DH: The Data Turn or Back to Texts?

The discussion around the Digital humanities often seems to be focused on transforming texts into data. Turning language to information, humanists are told, renders their increasingly archaic materials available to a range of computational methods. The majority of these methods, however, are not a part of their training and humanists look towards the other side of the two-cultures divide. Graphs, codes, and algorithms were not apart of the deal when we decided to study the fuzzy arts. Yet, we recognize that the world is now data-driven and we, naturally, want to go along for the ride.

So, we give ground to the number crunching and the people who seem to know it the best. We take our cues from them, adopting their methods and we try visualizing our material, because our narratives seem to have become so impoverished.

Don’t get me wrong, I think there is some great potential in thinking about texts as data and incorporating computational methods. At the same time, however, the move to the digital should not necessarily mean the relinquishing of techniques, approaches, and procedures inherited through the humanities. We should not give up ground to the quantitative so easily. I want to argue that thinking about data as text by scholars trained in “the old way” might be as productive and important as adapting our text to the digital and and rendering them as data.

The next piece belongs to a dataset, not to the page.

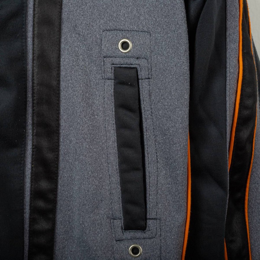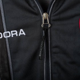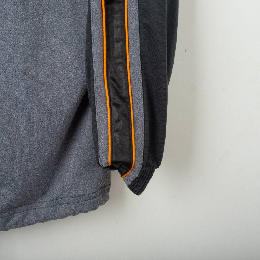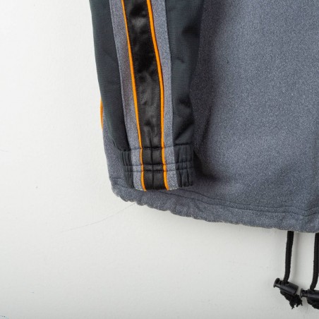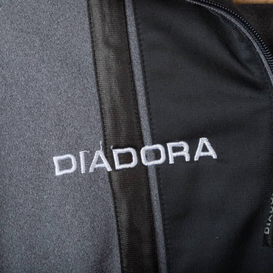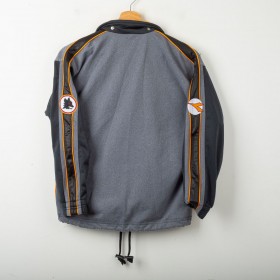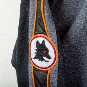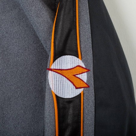 Giacca ufficiale AS Roma della stagione 1997/1998, realizzata da Diadora per il settore giovanile. Il capo presenta il logo Diadora e lo stemma AS Roma ben visibili sul petto, con inserti neri e grigi impreziositi da dettagli arancioni. Sulle maniche sono presenti i loghi Diadora e il celebre lupetto simbolo del club. Taglia bambino 38. Un dettaglio interessante è il colletto interno color arancione che richiama i toni storici del club.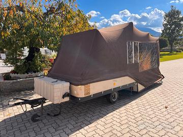 carrello tenda combi camp easy completo di veranda e paleria con ruota di scorta ha qualche segno del tempo ma è perfettamente utilizzabile

By way of some sort of reflection of this, I want to provide two excerpts of things that I have been reading recently.

Karin Barber has written a theoretical reflection on what a comparative historical anthropology of texts would look like. She is specifically interested in oral and written culture in Africa but her discussion is quite global. She starts with a basic proposition: “A text is a tissue of words” (1). Defining text beyond its materiality is critical for her as she is trying to think of the oral and the written simultaneously. Textuality, then, is in effect “the idea of weaving or fabricating — connectedness, the quality of having been put together, of having been made by human ingenuity” (21) and not its medium. Leaving the question of “the human” aside for now, I think keeping her basic argument in mind can help us think of data and code as texts, to essentially think of the oral, the written, and the digital together.

The basic recognition that I think is useful is that, following Barber, texts are things, say things, and do things. That texts, oral or written or digital, differ in modality are not an indication that they are so fundamentally different.

The second text is from the Natural Language Processing with Python textbook.

Python texts.jpgHere, the understanding of “text” is quite similar. Although this definition, compels us to think more of the progressive levels of a structure. This topic, of course, is about using something already recognizable as a text and rendering them available for computational methods. In the example immediately following this one, the method is determining lexical diversity.

Isn’t this what “theory” has been doing for decades?

You might say that this is a bad example because it does not show how “data” can be read as text. However my main point is that we should not let the materiality of the text, that is its medium, trick us into surrendering a textualist orientation to the material. The materiality has changed but still fundamentally a text, an intentional weaving together of structural elements that have to manage limitations and opportunities of the form itself in order to produce meaning.

This has been more of a musing than an argument. Accordingly, I would like to end with a question.
What would a text-based, or a textualist approach to data look like?